Found the Damn Thing

I finally figured out where I’d read that quote I was trying to remember two posts ago, after memory-jogging comments from Chris Bertram and Max Sawicky. (Max’s suggestion, “To understand capitalism, read Marx; to understand socialism, read Marshall” is pithy, but not what I was half-remembering.

The paragraphs I had in mind are by Oscar Lange, and are quoted in Mark Blaug’s Economic Theory in Retrospect (5th ed., pp253-4). Here they are:

Let us imagine two persons: one who has learned his economics only from the Austrian School, Pareto and Marshall, without ever having seen or even heard a sentence of Marx or his disciples; the other one who, on the contrary, knows his economics exclusively from Marx and the Marxists and does not even suspect that there may have been economists outside the Marxist school. Which of the two will be able to account better for the fundamental tendencies of the evolution to Capitalism? To put the question is to answer it.

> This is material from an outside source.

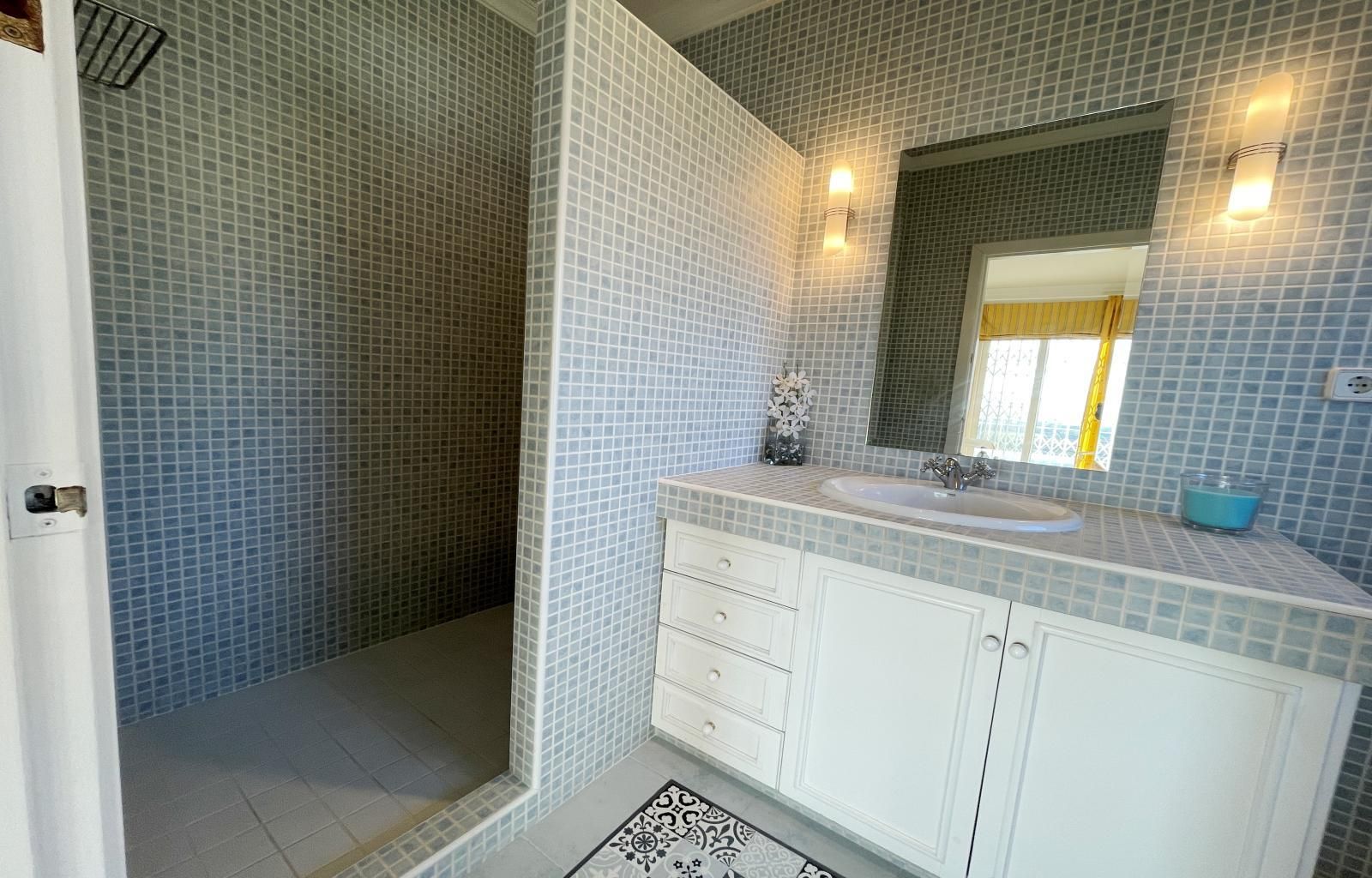La villa cuenta con tres dormitorios más un estudio independiente, uno de ellos en suite con baño privado y ducha, ambos con armarios empotrados. Además, hay un segundo baño completo, dos de los dormitorios son muy amplios y una tercera estancia que actualmente se utiliza como despacho, pero puede convertirse fácilmente en dormitorio individual gracias a sus armarios empotrados. Cada rincón ha sido diseñado con mimo, pensando en la funcionalidad y en la vida cotidiana.

But this superiority of Marxian economies [sic] is only a partial one. There are some problems before which Marxian economics is quite powerless, while ‘bourgeois’ economics solves them easily. What can Marxian economies say about monopoly prices? What has it to say on the fundamental problems of money and credit theory? What apparatus has it to offer for analysing the incidence of a tax, or the effect of a certain technical innovation on wages? And (irony of Fate!) what can Marxian economics contribute to the problem of the optimum distriubtion of productive resources in an socialist economy?

Clearly the relative merits of Marxian economics and modern ‘bourgeois’ economic theory belong to different ‘ranges’. Marxian economics can work the economic evolution of capitalist society in to a consistent theory from which its necessity is deduced, while ‘bourgeois’ economists get no further than mere historical description. On the other hand, ‘bourgeois’ economics is able to grasp the phenomena of the every-day life of a capitalist economy in a manner that is far superior to anything the Marxists can produce. Further, the anciipations which can be deduced from the two types of economic theory refer to a different range of timeā€¦ [O]ver a long period a knowledge of Marx is a much more effective starting point than a knowledge of Wieser, Bohm-Bawerk, Pareto of even Marshall (though the last-named is in this respect much superior). But Marxian economics would be a poor basis for running a central bank or anticipating the effects of a change in the rate of discount.

Considerably more verbose than I remembered.